• SUPPLIED DATA

[Start of Attachment]

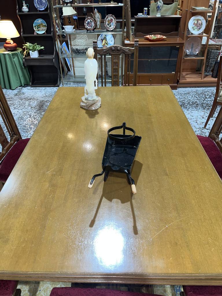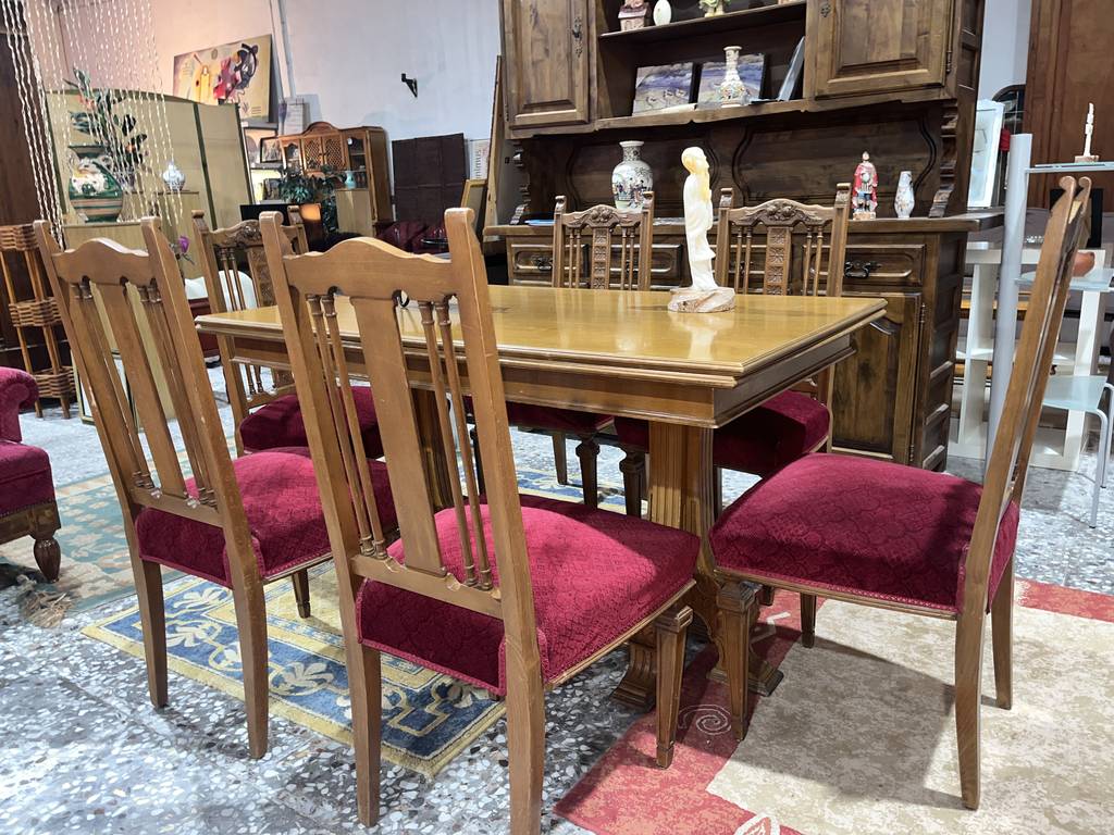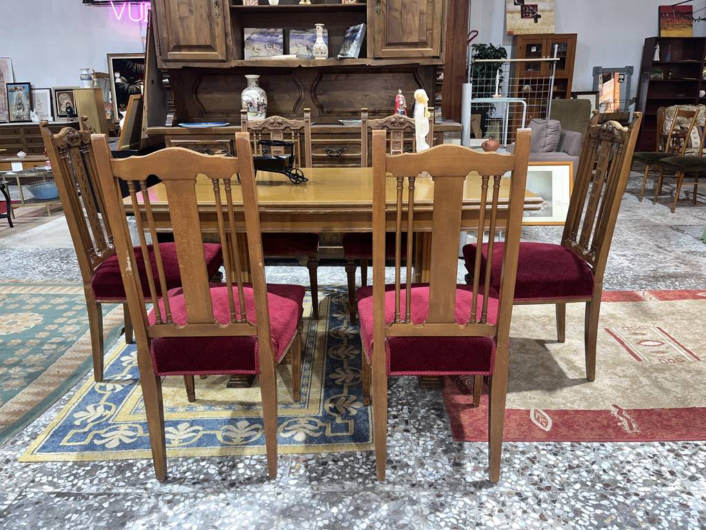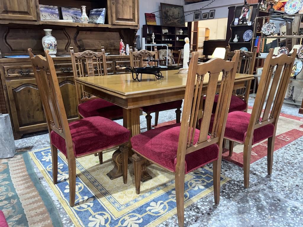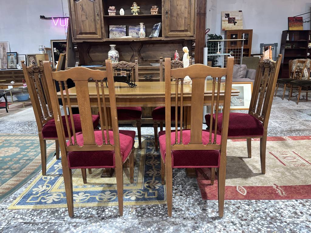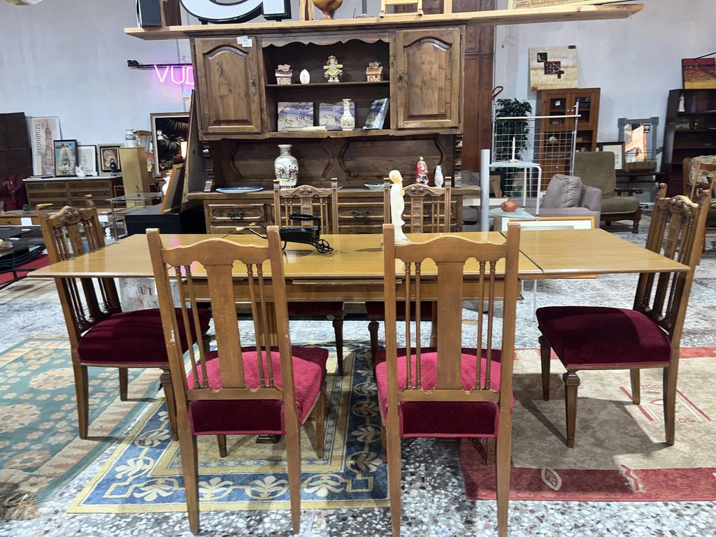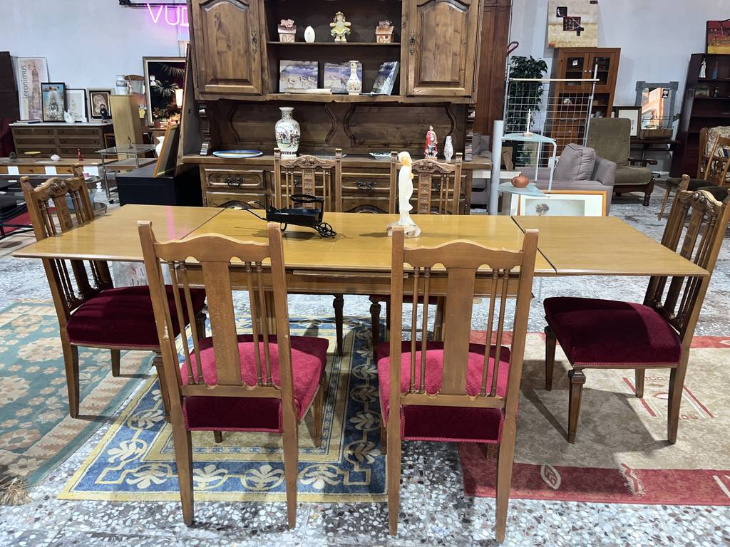 Conjunto compuesto por una mesa y 6 sillas. La mesa incluida es extensible y podemos convertirla en una gran mesa de comedor con dos baldas adheridas en los laterales. Las sillas incorporan unos asientos con un tapizado burdeos muy suave y agradable al tacto. Es un conjunto ideal para colocar en un salón comedor. Como podemos observar en las fotografías se encuentra en buenas condiciones.
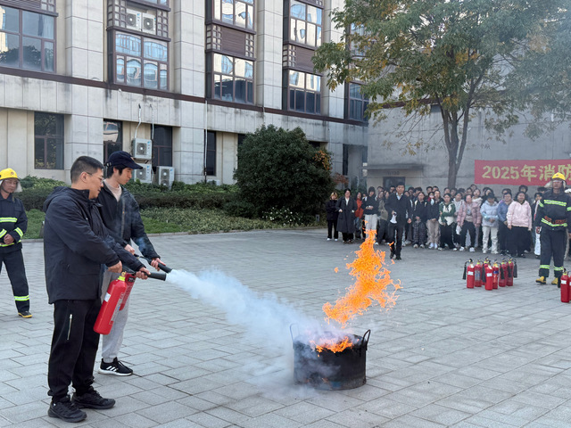 在集合广场,校保卫处已提前布设好灭火器、灭火毯等专业装备。接着,保卫处负责人慈兴强结合近期全国高校典型火情案例,向我院师生详细讲解了常见的火灾隐患、火险的处置方式以及消防装备的具体操作方法。
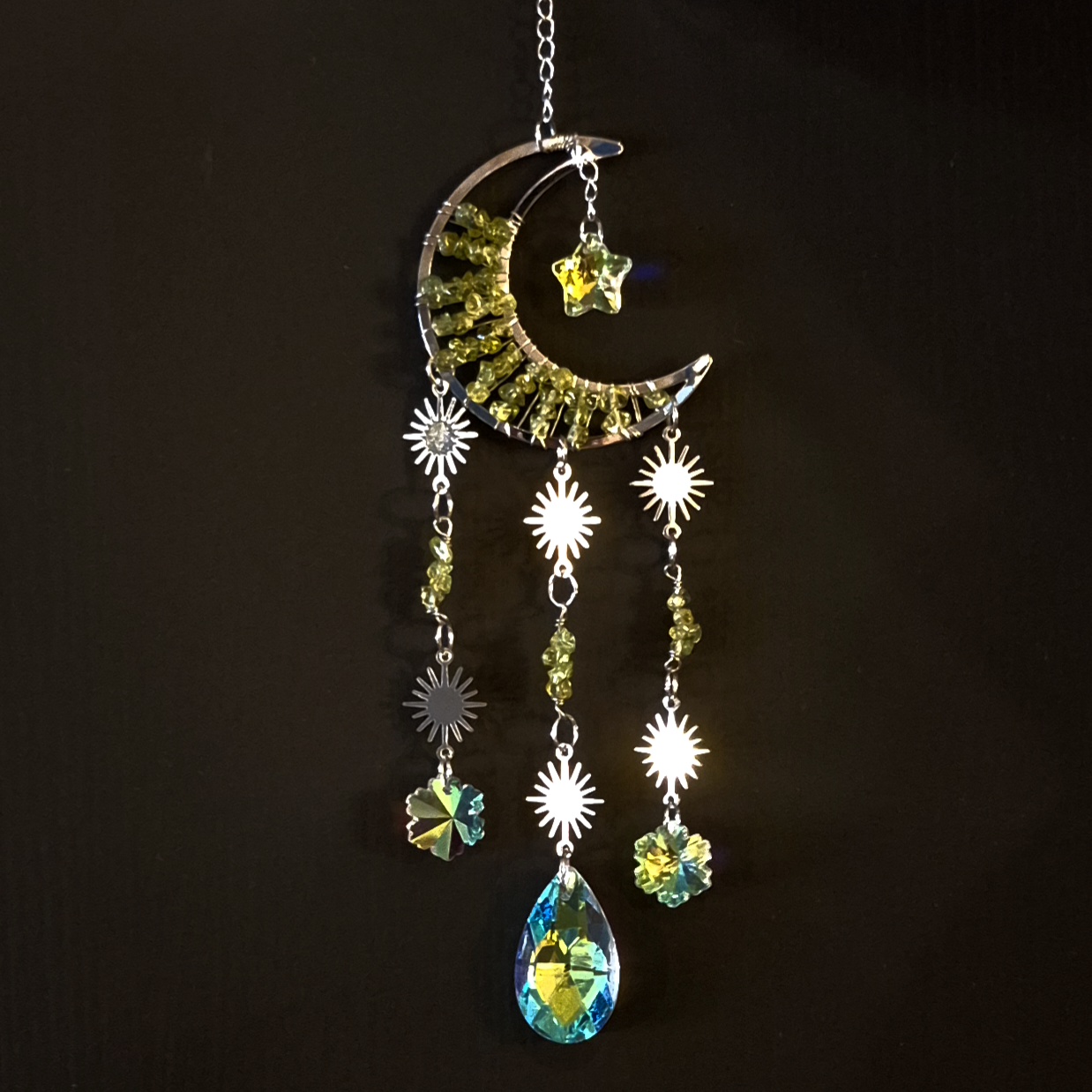 Dråpene er fasettslipt glass, det er denne som lager fargespillet når solen skinner på den.

[End of Attachment]

• ASSIGNMENT
Line by line, return the listing above exactly, dropping every picture.

• ANSWER AREA
 Conjunto compuesto por una mesa y 6 sillas. La mesa incluida es extensible y podemos convertirla en una gran mesa de comedor con dos baldas adheridas en los laterales. Las sillas incorporan unos asientos con un tapizado burdeos muy suave y agradable al tacto. Es un conjunto ideal para colocar en un salón comedor. Como podemos observar en las fotografías se encuentra en buenas condiciones.
 在集合广场,校保卫处已提前布设好灭火器、灭火毯等专业装备。接着,保卫处负责人慈兴强结合近期全国高校典型火情案例,向我院师生详细讲解了常见的火灾隐患、火险的处置方式以及消防装备的具体操作方法。
 Dråpene er fasettslipt glass, det er denne som lager fargespillet når solen skinner på den.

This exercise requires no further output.